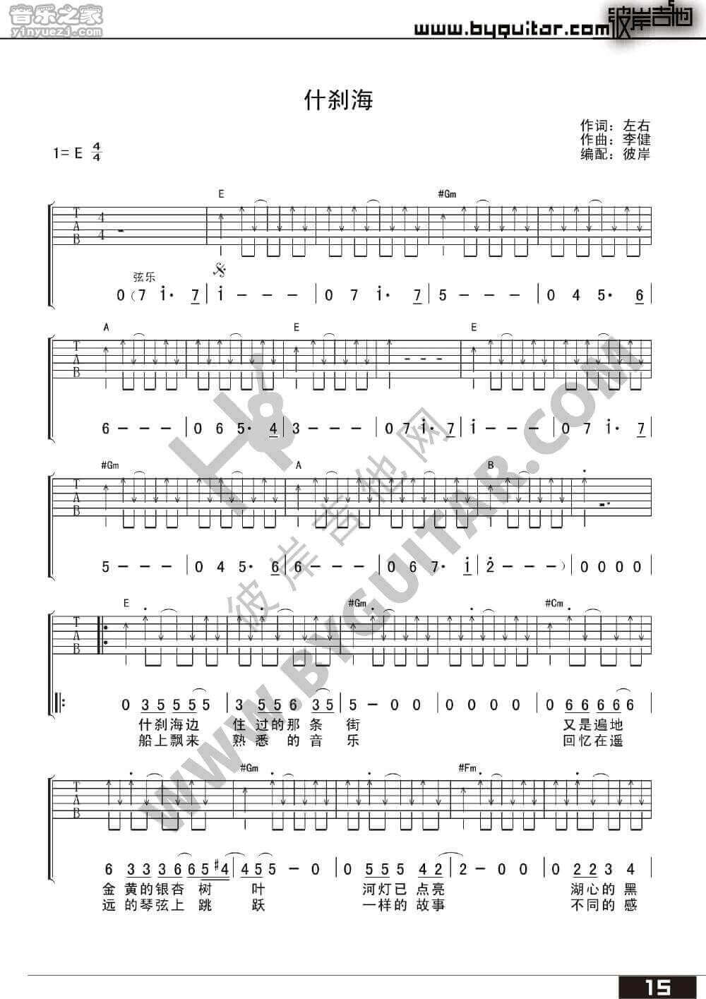 《李健《什刹海吉他谱》(F调)》内容来自于互联网,不能保证内容的准确性与完整性,仅供学习交流欣赏,请勿用于其它用途,内容版权归原作者及来源网站所有,如有侵犯到您的权益请来信告知,我们将及时删除。
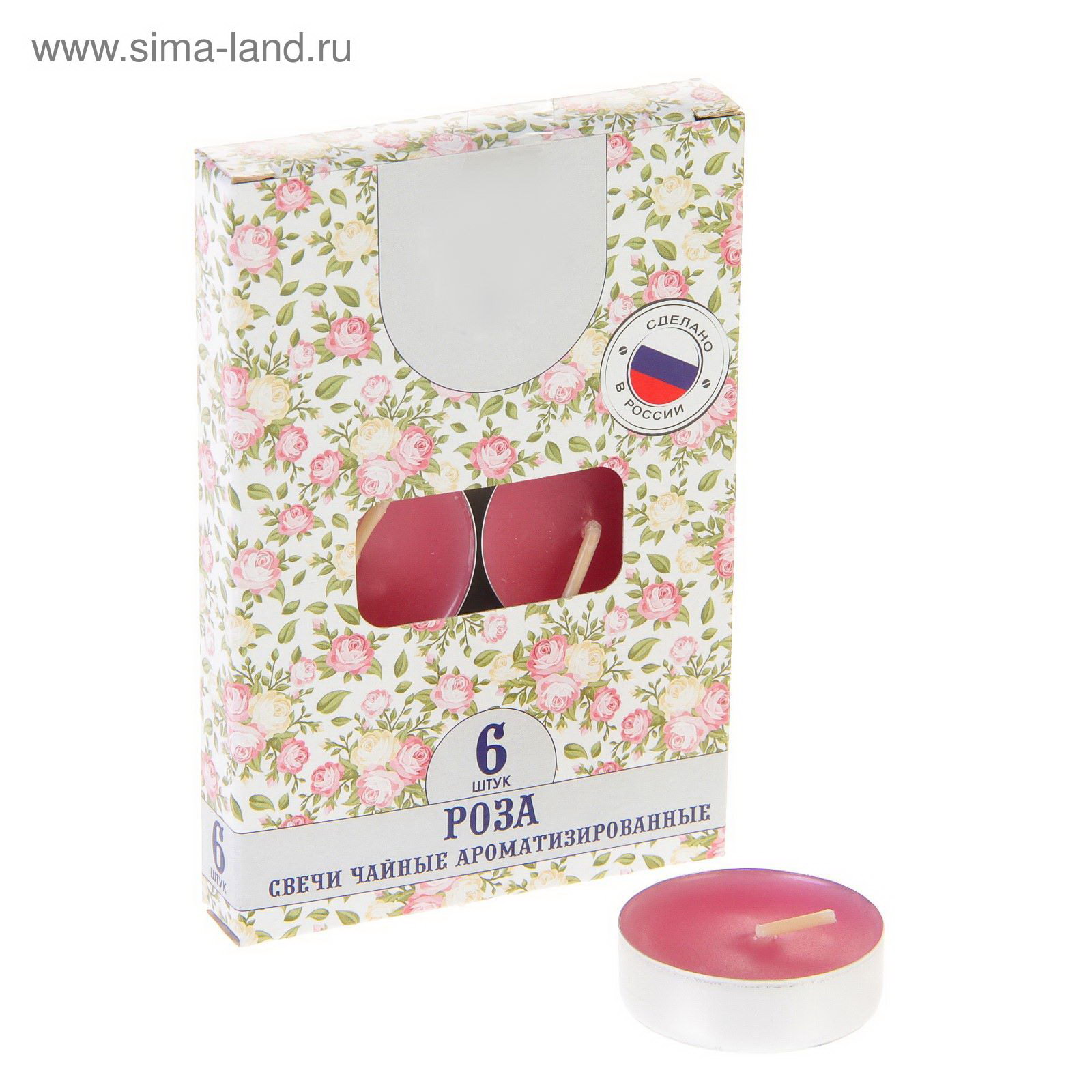 Набор свечей ароматических чайных "Роза", 6 шт., Русская свечная мануфактура, Россия
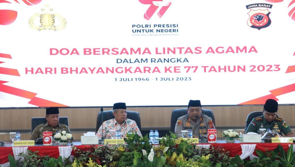 BOGOR,ikagawanews.id – Dalam rangka menyambut hari Bhayangkara ke 77, Polres Bogor menggelar do’a lintas agama di gedung aula Sanika satyawada Polres Bogor. Pada Kamis 15 Juni 2023.
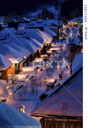 雪景色の大内宿 雪まつり 雪灯篭のある街並み 福島県下郷町

**Goal of the exercise:**
Give an exact copy of the data, and omit any pictures it holds.

**Expected answer:**
 《李健《什刹海吉他谱》(F调)》内容来自于互联网,不能保证内容的准确性与完整性,仅供学习交流欣赏,请勿用于其它用途,内容版权归原作者及来源网站所有,如有侵犯到您的权益请来信告知,我们将及时删除。
 Набор свечей ароматических чайных "Роза", 6 шт., Русская свечная мануфактура, Россия
 BOGOR,ikagawanews.id – Dalam rangka menyambut hari Bhayangkara ke 77, Polres Bogor menggelar do’a lintas agama di gedung aula Sanika satyawada Polres Bogor. Pada Kamis 15 Juni 2023.
 雪景色の大内宿 雪まつり 雪灯篭のある街並み 福島県下郷町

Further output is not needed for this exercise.